In the following section, we demonstrate how the GTB can be used to visualize, compare and contrast several prediction algorithms. Understanding why various algorithms agree in particular regions, but disagree in other regions, is an important aspect when interpreting computational predictions. In addition, when multiple algorithms all yield different predictions and/or tolerance profiles, this could suggest that variants falling in these regions are much harder to predict. Therefore, users should treat predictions with caution and not rely on a single algorithm for interpretation. Further, the browser can also be used to identify potential “regions of interest”. Here, long stretches of intolerance predicted by multiple algorithms may indicate regions worth exploring through in vitro experimentation.

Visualizing the characteristics of sequence- and structure-based prediction algorithms

Figure 1 (see Additional file 1 for larger high resolution images) shows the tolerance profile for HOXA5, a member of the Homeobox gene cluster, as predicted by two sequence-based algorithms, SIFT [11] and PROVEAN [2], a structure-based algorithm, PolyPhen-2 [1], and two genome-wide prediction algorithms, FATHMM-MKL [19] and CADD [8]. While there are a number of sequence- and structure-based prediction algorithms available in the GTB, these algorithms were chosen due to their use and general popularity in the scientific literature.
Fig. 1

Tolerance profile of HOXA5 shows regions of similarity between sequence-based prediction algorithms: SIFT and PROVEAN. However, subtle differences in tolerance can be observed when comparing these sequence-based algorithms with a structure-based algorithm, PolyPhen-2. Insight into potential regions of interest can be also obtained from genome-wide prediction algorithms such as FATHMM-MKL and CADD

Although SIFT shows higher intolerance across HOXA5, the overall profile shows similar regions of intolerance to that of PROVEAN. For example, both appear to show high intolerance towards the end of the 1st exon (see region highlighted in red). However, this comes as no surprise given that these genes play a crucial role during embryonic development and are highly conserved across great evolutionary distances [16]. In contrast, PolyPhen-2, which incorporates structure-based properties for variant prioritization, shows a different tolerance profile. Here, it appears that it is specific regions of HOX5A that are intolerant to mutation. This suggests that these regions may harbour important structural constraints which are potentially missed when using a pure sequence-based approach. Both PolyPhen-2 models, HumVar and HumDiv, share large regions of similarity (highlighted in red).

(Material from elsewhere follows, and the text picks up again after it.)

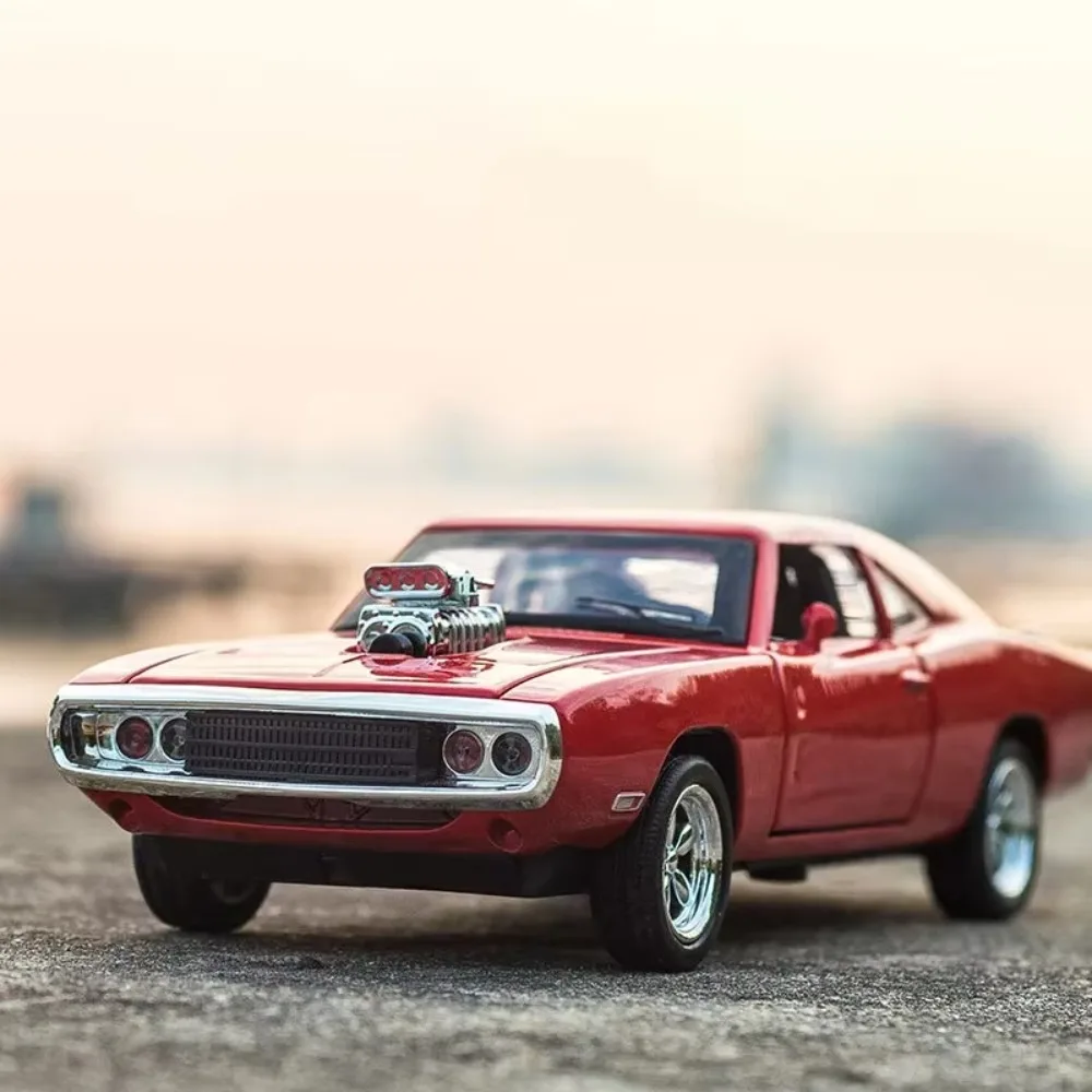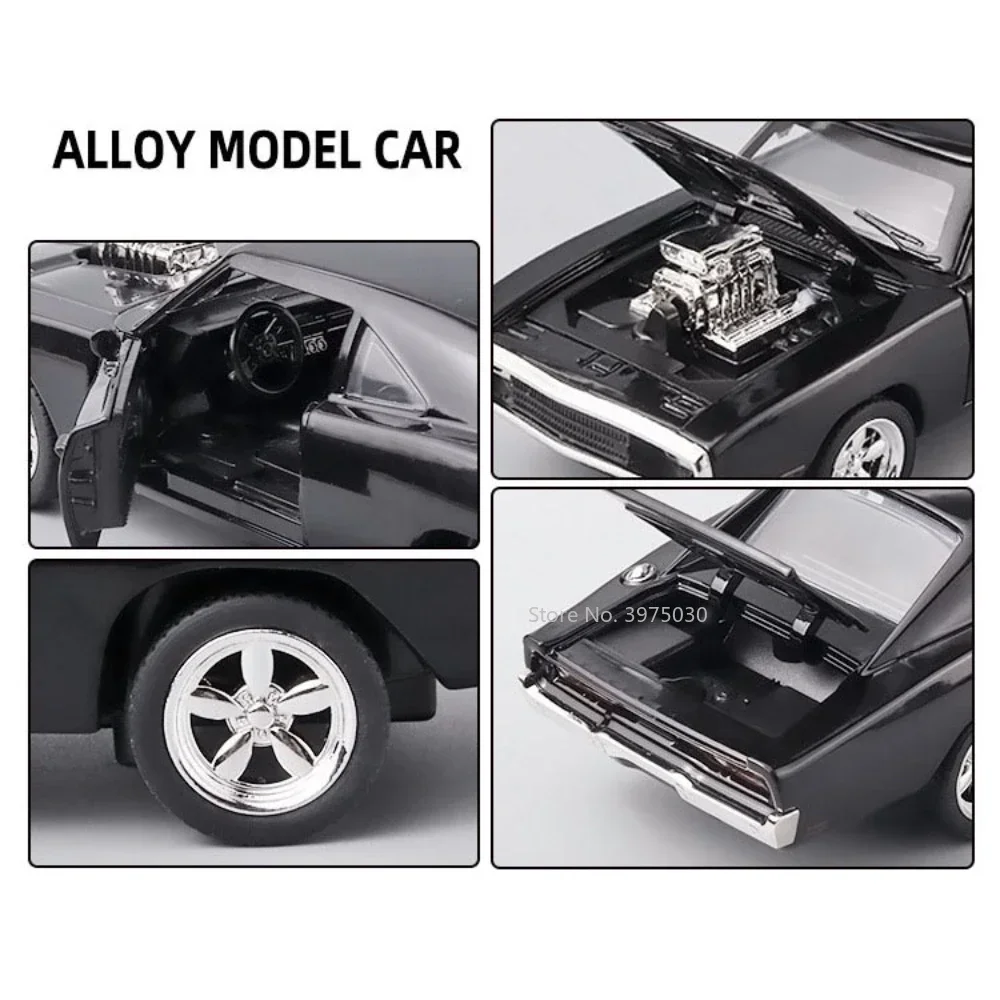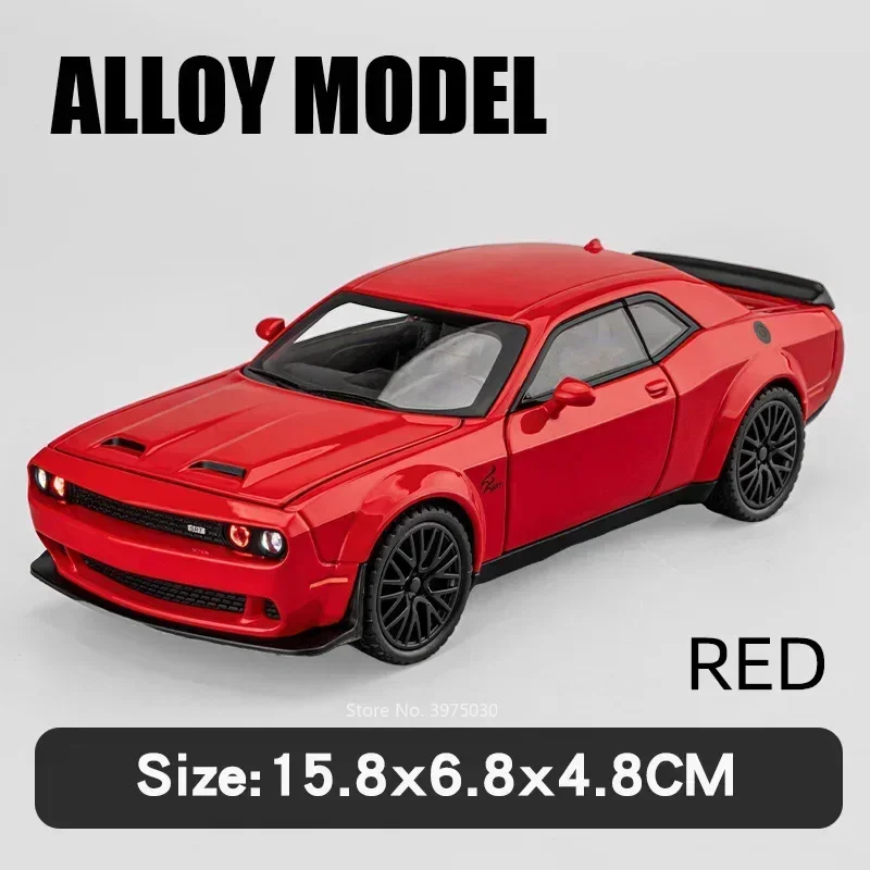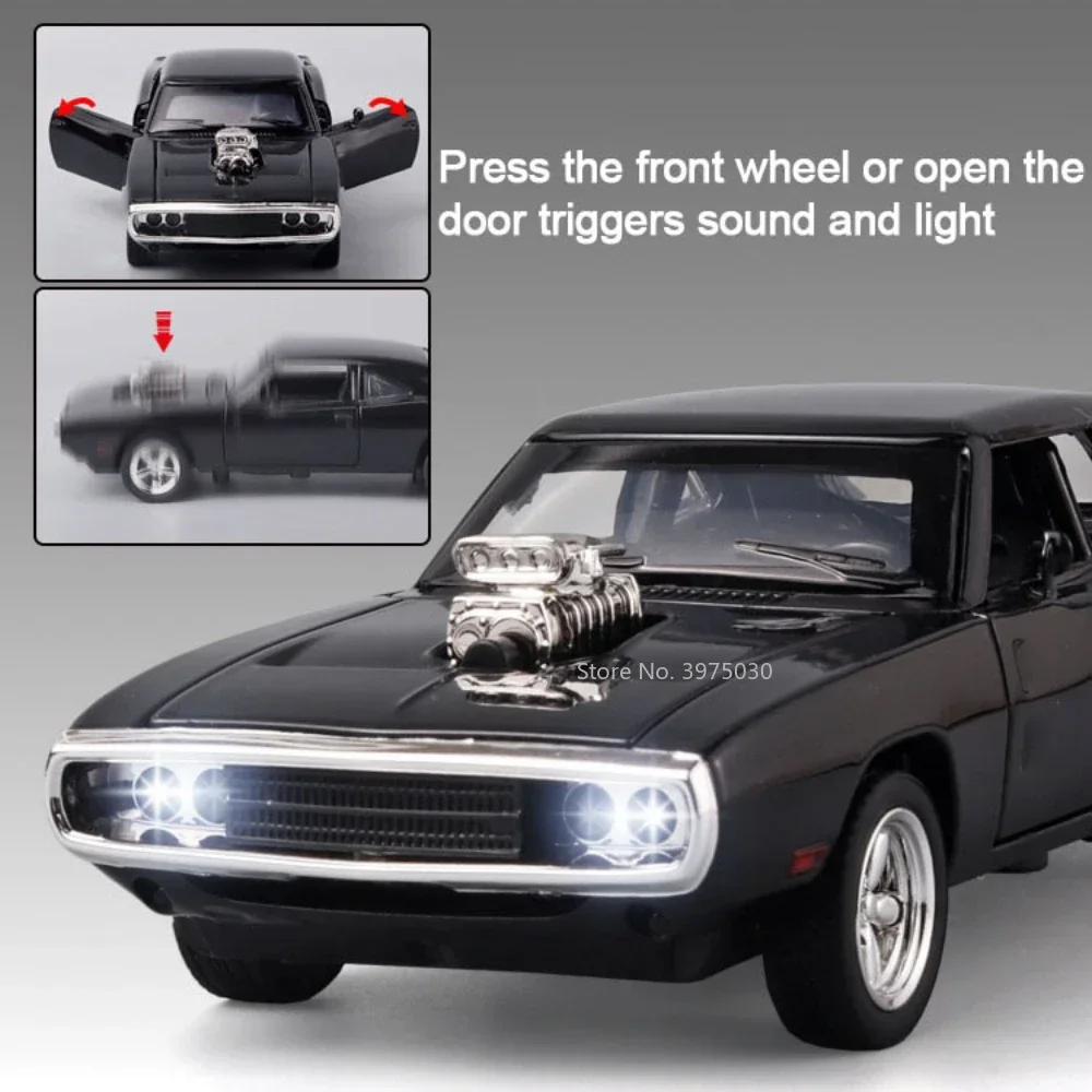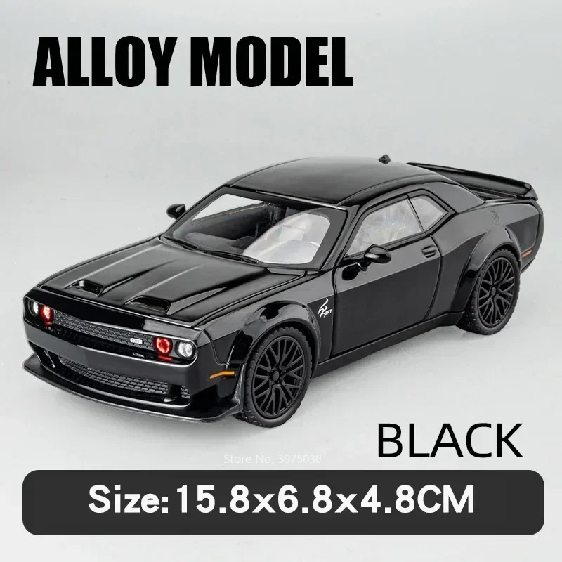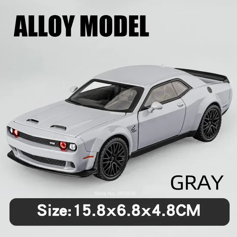 Experience the thrill of classic muscle cars with this highly detailed 1:32 scale alloy model, available in vibrant colors including white, red, gray, blue, and black. Crafted with a zinc metal body, plastic chassis, and rubber tires featuring detailed tread patterns, this model measures approximately 16.7 × 6 × 4.5 cm for the 1970 Charger and 15.8 × 6.8 × 4.8 cm for the Hellcat. It features four functional doors that can be opened, realistic sound and light effects, and a pull-back mechanism for dynamic movement. Durable and meticulously designed, it’s powered by included batteries and is ideal for collectors age 14 and above.

However, this also comes as no surprise as they both utilize the same underlying prediction algorithm but are trained using slightly different training data [4]. Peaks of predicted intolerance can also be observed across the non-coding region of HOXA5 when using genome-wide prediction algorithms such as FATHMM-MKL and CADD; thereby suggesting that these regions could also be functional. However, it is interesting to note that FATHMM-MKL appears to give much more granular peaks across the region than CADD. Both algorithms are trained using similar genomic annotations. Therefore, this observation appears to suggest that these algorithms may place greater emphasis on different genomic annotations across HOXA5.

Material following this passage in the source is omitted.